Thread: Shoulder workout myths?????
02-21-2002, 01:48 PM #1New Member
- Join Date
- Feb 2002
- Birmingham UK
Shoulder workout myths?????
Boyz, Boyz, Boyz,
can anyone please tell me if this is true:
"Shoulders react and grow better with higher rep exercises as opposed to heavier weights and lower reps"
I can't remember where I heard it, just that I did once hear it.
02-21-2002, 04:09 PM #2Member
- Join Date
- Jan 2002
its hard to make big generalizations like that when it comes to training. IMO, you should do whatever works best for you, and sometimes that can take years to find out.
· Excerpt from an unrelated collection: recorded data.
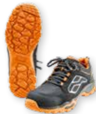
VEILIGHEIDSSCHOENEN WORKER S2 € 111
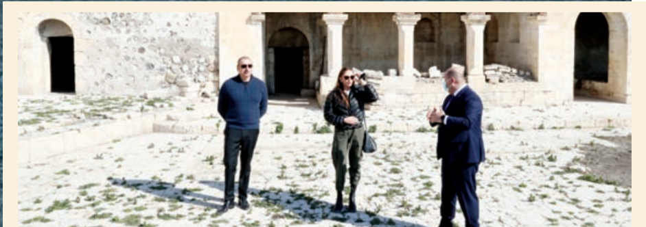
Qarabağ xanlarının türbələri və yaşayış evi - İmarət kompleksi ilə tanışlıq
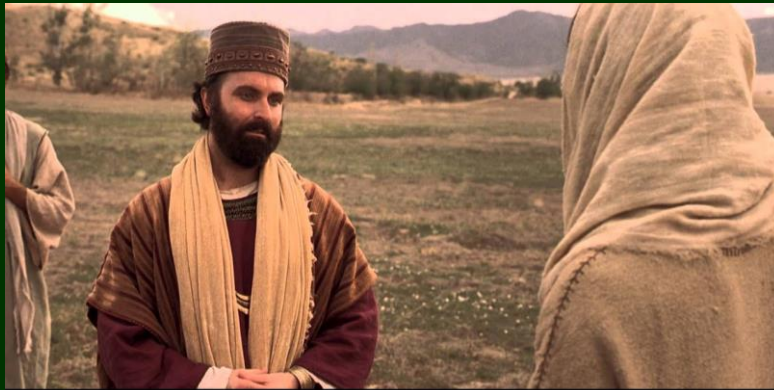
Jesus e o jovem rico

O evangelho deste domingo nos lembra as escolhas que fazemos em nossa vida. O mundo oferece muitas atrações e promessas de felicidade. Não conseguimos conquistar todas. Entre elas, há aquelas que nos enganam. Qual é a escolha fundamental na nossa vida?
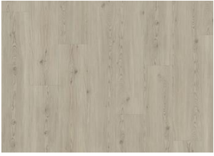
Triglav - Alustaan liimattava
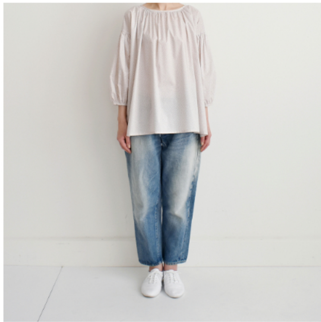
グレイッシュピンク地にマッシュルーム:『CHECK&STRIPEのおとな服 ソーイング・レメディ―』(文化出版局) スタンダードギャザーブラウス
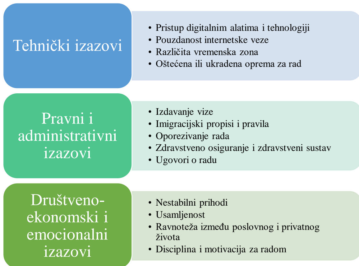
Slika 4. Izazovi digitalnog nomadstva
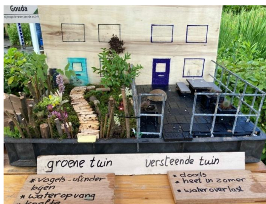
Kraam tuinambassadeurs Groene festival

Op 24 en 25 mei stonden we wederom met een kraam en biologische kruidenplanten om uit te delen twee dagen op de kinderboerderij tijdens de Hofstedendagen.
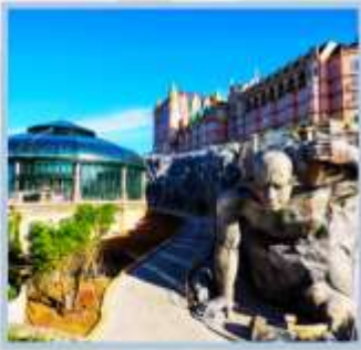
โซน Eclipse Square
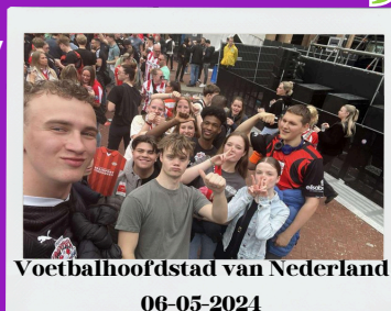
Voetbalhoofdstad van Nederland 06-05-2024

...PSV, voor de 25e keer, kampioen is geworden van de Eredivisie. Veel leerlingen en docenten hebben dit gevierd!
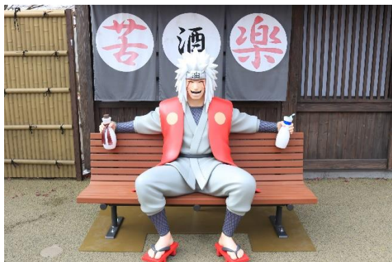
主人公ナルトの師「自来也(じらいや)」は大好きな酒を両手にほろ酔いでご満悦

富士急ハイランド(山梨県富士吉田市)にある「NARUTO×BORUTO 富士 木ノ葉隠れの里」に、明日12月4日(金)、「NARUTO-ナルト- 疾風伝」に登場する自来也・綱手・我愛羅・イタチといった人気キャラクターたちの新フォトスポットが登場いたします。
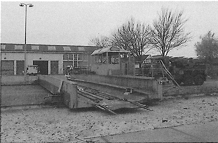
Wagenwerkplaats; rolbaan waarmee wagens konden worden verplaatst naar een ander werkplaatsspoor
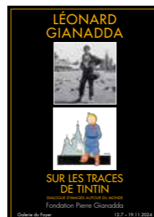
Photos: Editions Albin Michel, Editions La Découverte, Martha's Music, Herge-Tintinmaginatio 2024-Vallée des Rois-Egypte-1960/PPG, Herge-Tintinmaginatio 2024/PPG, LAFF Festival, Editions Slatkine, Avenches Tattoo, Les Digitales, Théâtre du Jorat, 31 e Fête du livre

«Léonard Gianadda sur les traces de Tintin», jusqu'au 19 novembre 2024, Fondation Gianadda, Martigny, gianadda.ch
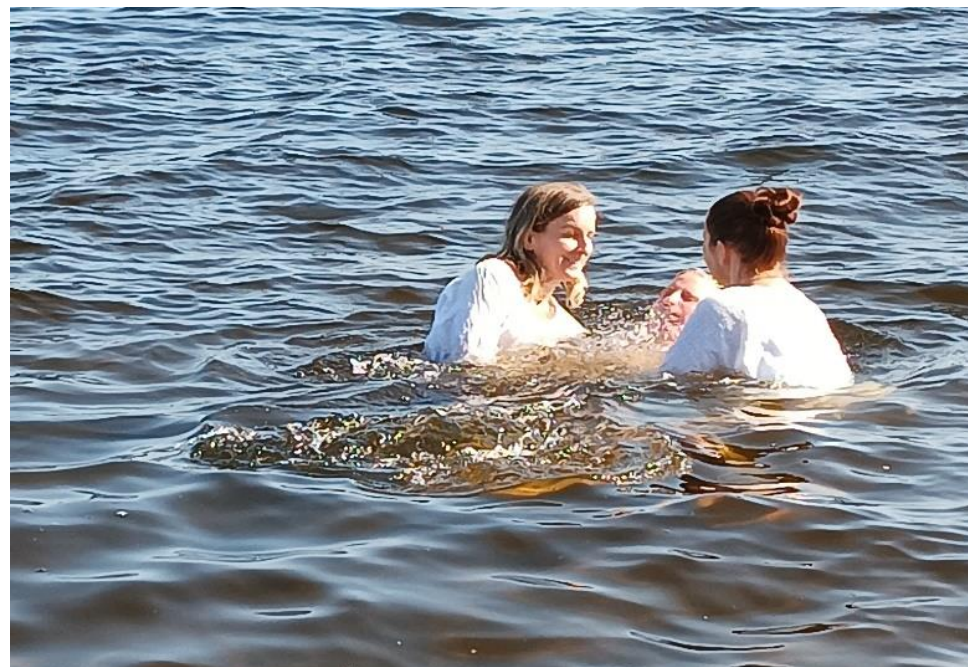
Vi gleder oss over at mennesker i nabolag vinnes for Jesus og lar seg døpe.

7 Kjærligheten utholder alt, tror alt, håper alt, tåler alt.

This is what I do (and i'll apply it to shoulder exercises, although I use this same idea for almost all of my training).
Depending on how many times a week you work shoulders (either once a week or twice a week) pick some exercises (maybe about 2 exercises if you are working shoulders twice a week and maybe 4 exercises if you are working them once a week...) Now, pick a rep range, say 8-12 reps on military press...
Pick a weight that you can barley get 8 times without help, now stick with that weight on your first set (do about 3-4 sets usually) and get as many reps as you can on each set, usually dropping about 10 or 15 pounds with each set (depending on rest) and continue starting each workout with that weight until you can get it 12 times without help (spotter that is), then up the weight five or ten pounds so that you can only get it 8 reps and start the whole process all over... this is called a double progession method and is great for keeping your body from adapting to a certain rep number.
If you hit a point where you stop growing for a few weeks, then change the rep range, exercises, or set number... hit some supersets or pre-exhaustion to give you a boost in growth if after a few months you stop gettin stronger... however, excellent form is very important in this program, too much weight or sloppy form will yield you no/very slow results and lead to injury... hope this helps,
Last edited by NightOp; 02-21-2002 at 04:11 PM.